On September 7, Jennifer Rick went to Park Bank to borrow $3,200 at 11 2/3% interest. Jennifer plans to repay the loan on January 5. Assume the loan is on ordinary interest (ordinary interest uses 360 days a year).

Solving for:
1. interest Jennifer will owe on January 5
2. the total amount Jennifer must repay at maturity.
My calculations have given me answers of
1. $124.44 interest ($3200)(11 2/3%)(120/360)
2. $3,324.44 maturity value on Jan 5th

The website the problems are on indicates they are incorrect answers.
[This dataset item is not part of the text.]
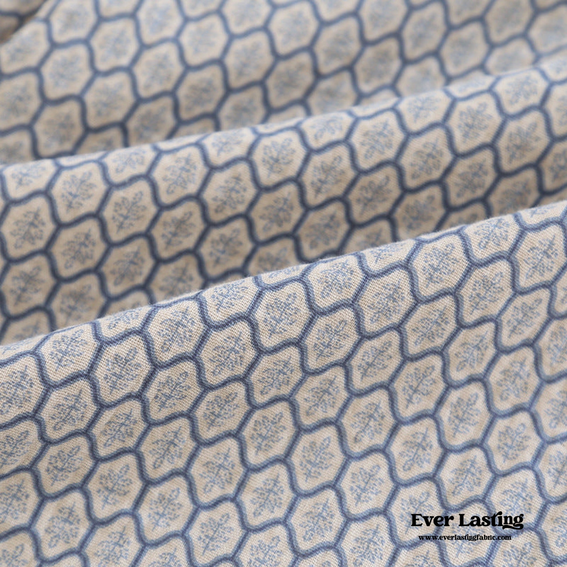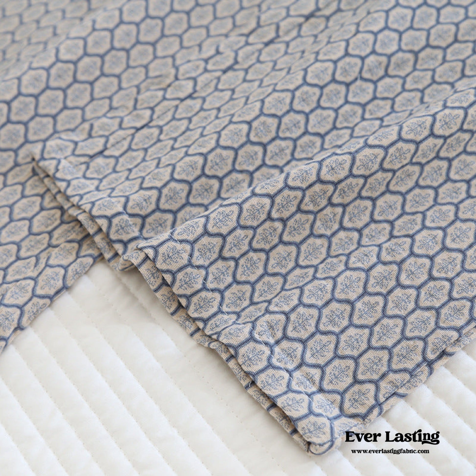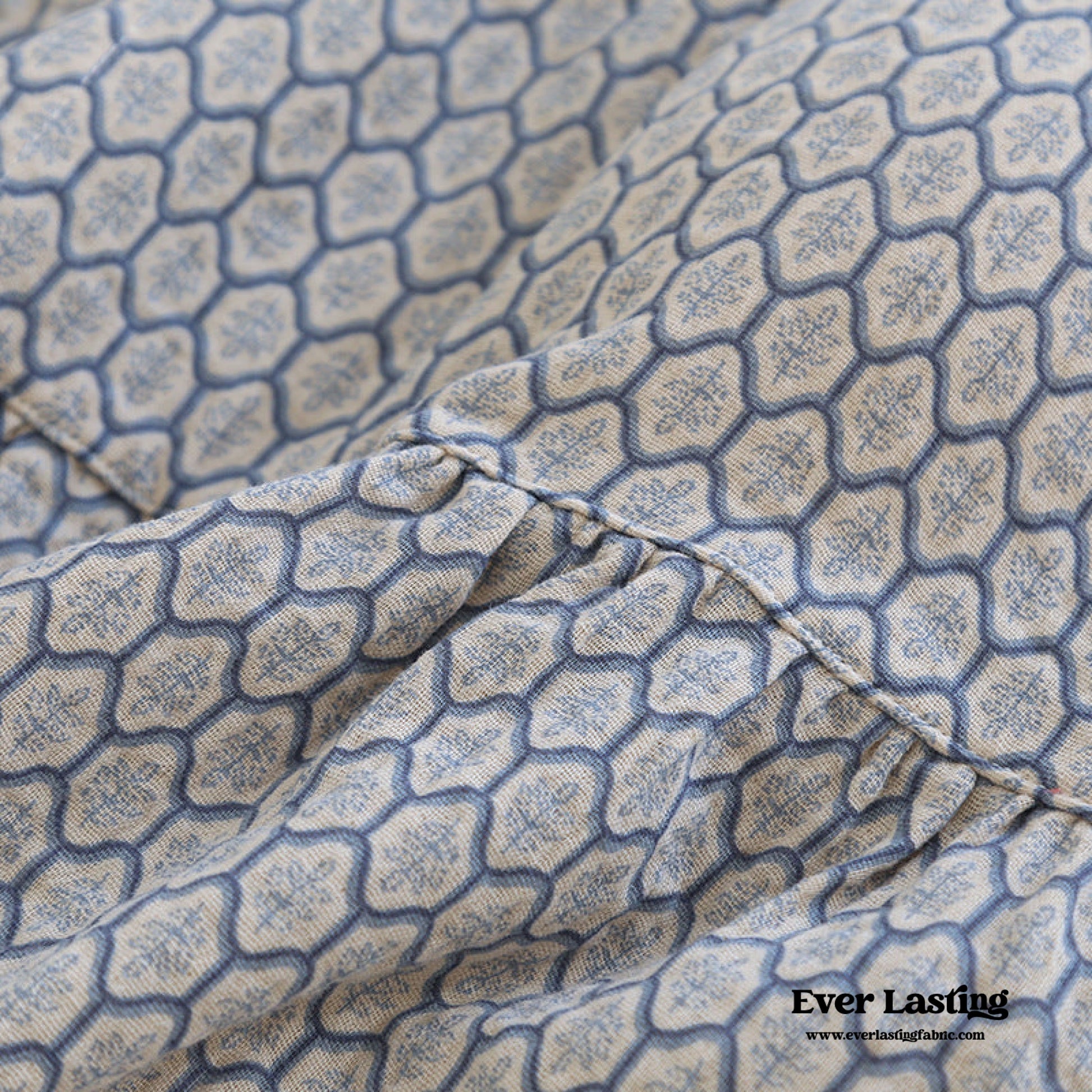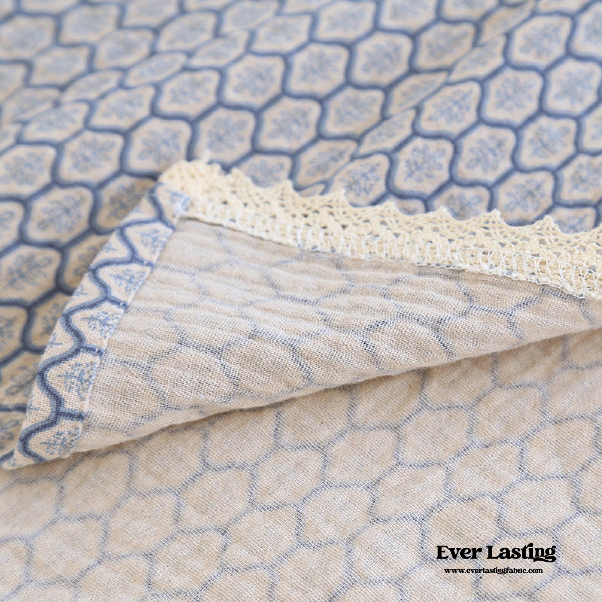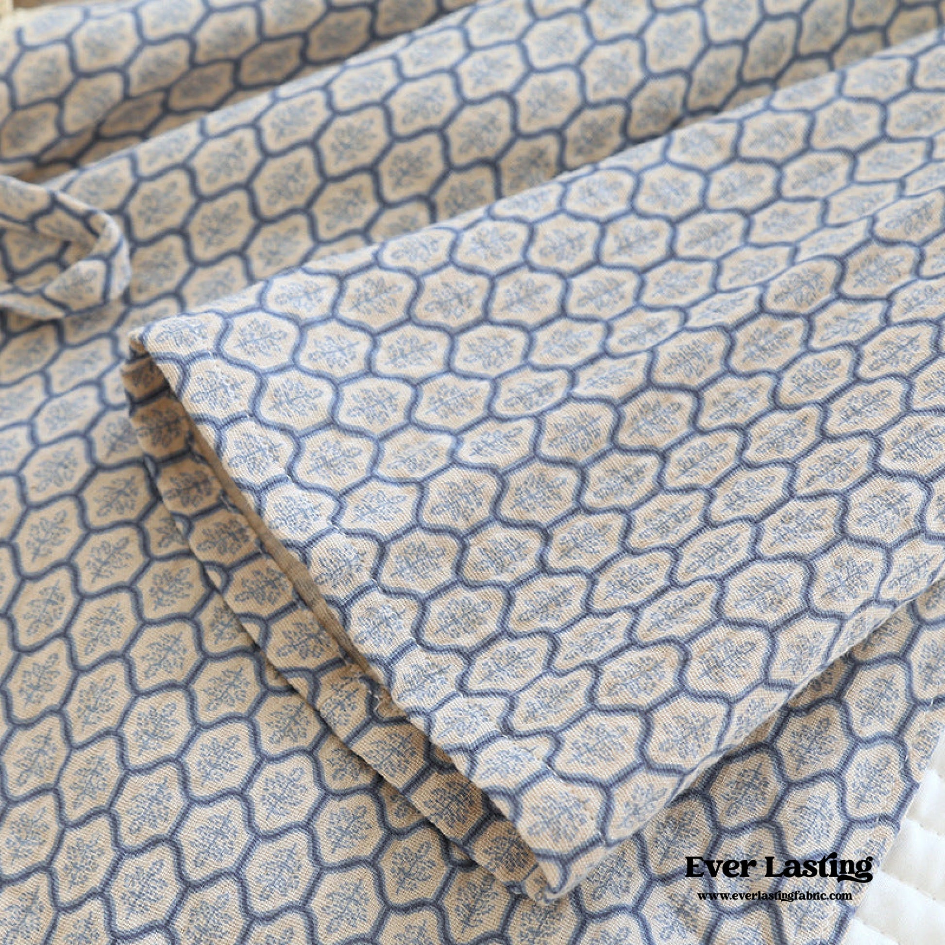 Floral V Tank and Long Pants with Cardigan Cotton Pajama Set / Blue
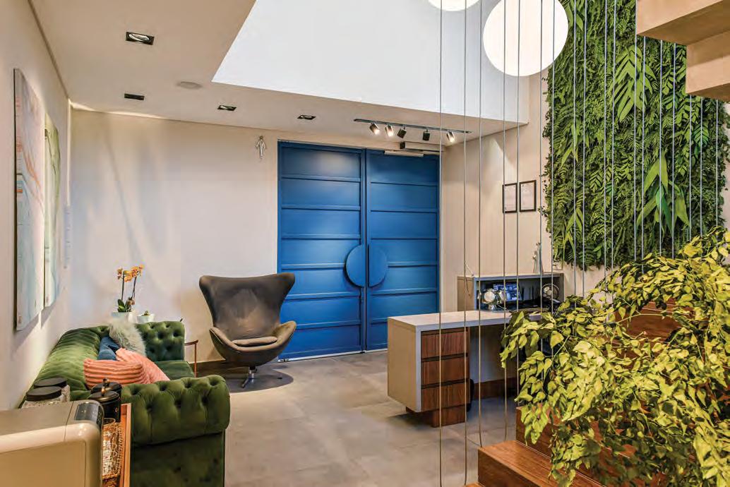 Acima, a recepção tem balcão em marcenaria sob medida (Movelaria Boa Esperança Planejados) e porta em ferro na cor azul desenhada pela arquiteta. O paisagismo enche o espaço de leveza com seus tons de verde, enquanto os spots e os pendentes (Studio S Iluminação) iluminam com personalidade. A escada tem degraus em porcelanato amadeirado (Japonesa Pisos) e guarda-corpo em cabos de aço. No mobiliário, sofá Chesterfield e poltrona Egg. Na página seguinte, a fachada com texturas em tons de gelo e cimento queimado. Os cobogós coloridos na paleta de cores do escritório são o principal destaque

So I am stuck.
I appreciate any insight I can get.
Thank you!

1. I = Po*r*t,

I=3200*(35/3)%/100%)*(118/360)=$122.37.

2. Pt = 3200 + 122.37 = $332237.

I would use 120 days if the maturty date had been Jan. 7th.

To solve this problem, we need to use the formula for calculating simple interest:

Interest = Principal * Rate * Time

1. To find the interest Jennifer will owe on January 5, we first need to calculate the time in years. The loan is for 120 days, so we divide it by 360 (since ordinary interest uses 360 days a year):

Time = 120 / 360 = 1/3 years

Now we can calculate the interest:

Interest = $3,200 * 11 2/3% * 1/3 = ($3,200 * (35/3) / 100) * 1/3 ≈ $411.11

Therefore, the correct answer for the interest Jennifer will owe on January 5 is approximately $411.11, not $124.44 as you calculated.

2. To find the total amount Jennifer must repay at maturity, we add the interest to the principal:

Total amount = Principal + Interest = $3,200 + $411.11 = $3,611.11

Therefore, the correct answer for the total amount Jennifer must repay at maturity is approximately $3,611.11, not $3,324.44 as you calculated.

I hope this helps clarify the correct answers for you. Let me know if you have any further questions!